I still don’t understand how I will ever reach the point where I feel comfortable leaving my boy with someone other than immediate family and simultaneously enjoy myself.   However, I’m beginning to recognize that I (we) will undoubtedly burn out if we don’t take a step back to recharge and reconnect.  That it’s impossible to continue to give 100% when your own resources are depleted.  With that being said, I’m going to sit down this week and finalize my application for a respite worker.

You know what they say – if Mama ain’t happy, ain’t nobody happy.  C’est vraie?

Sometimes

this is so hard, so overwhelming, so beyond comprehension…that I look back on the day and wonder how did I survive? How did my marriage survive? And if it was this taxing, this shattering for us, how was it for Peter?

Enough with the platitudes about how wonderfully gifted our life is. It’s not that it isn’t. It’s not that in any way I appreciate every miraculous moment less, or that I would change it for anything. It’s just that sometimes it’s so difficult. Sometimes Autism quite frankly SUCKS!

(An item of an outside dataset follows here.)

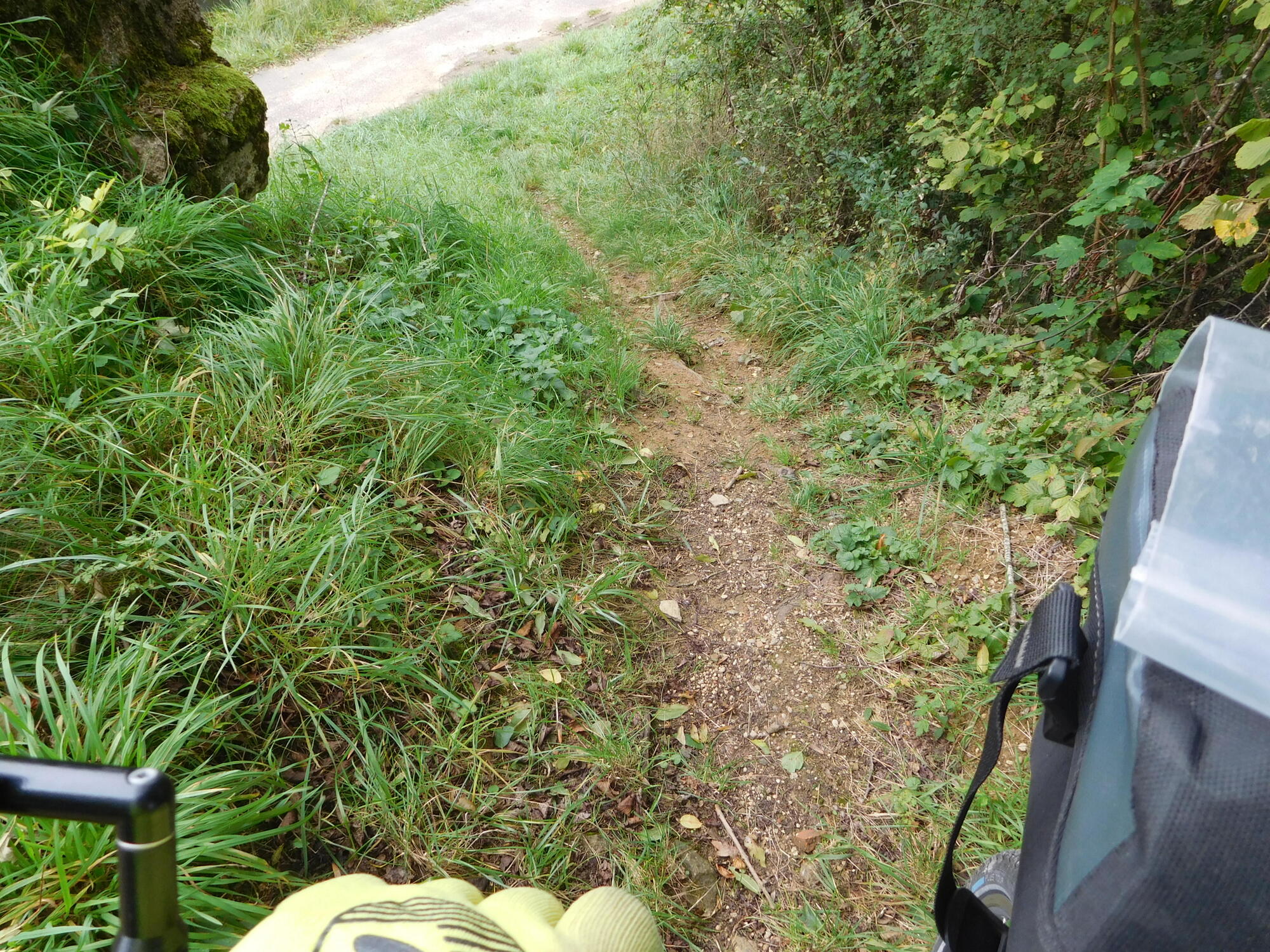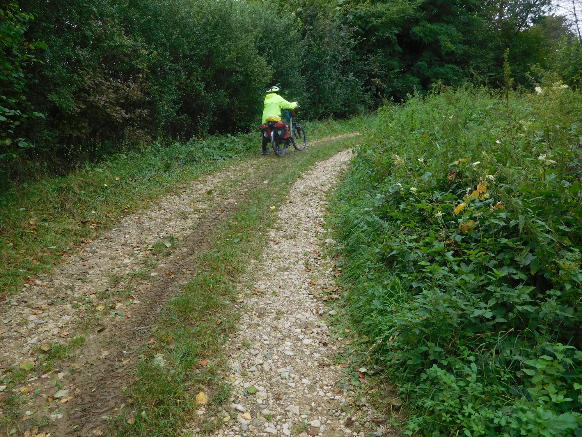 The high and the lunch saw us through some fairly serious climbs, such as after Neuilly-l'Eveque, but we were fine, until the powers that be helped us out with a "voie verte". Voie vertes are often great, but sometimes they are "green washing" for the idea that bicycles don't count, so let's toss them onto that old dirt track, and call it green. Below you see Dodie on the voie verte approaching Langres.

We’re sick this week. He has an ear infection. I have, well god knows what I have because it’s not like I could go to the doctor. He hasn’t been able to successfully complete one therapy session all week. The sure-fire make him laugh things aren’t working. He’s beyond consolable. The tantrums are unprecedented. And yes, I know that all two year olds have tantrums, but do they span an hour (or more)? Do parents have to physically restrain their child from harming themselves or others? Maybe? I’m not up-to-speed on typically developing children.

I believe that the issues are exacerbated due to him not feeling well. He’s not usually like this. I believe it will get better.

But even on the great days. The lack of functional communication, the over-stimulation to his sensory system, these things cause him great frustration. As a mother, it’s heartbreaking to know that you are helpless in consoling your child. A child with Autism doesn’t want to be hugged and rocked or sung to. Those things just add insult to injury.

We’re going to go have a bath, a typically wonderful time of day, and I am looking forward to our special Mommy and Boy bonding time.

Back to regularly scheduled programming soon, promise.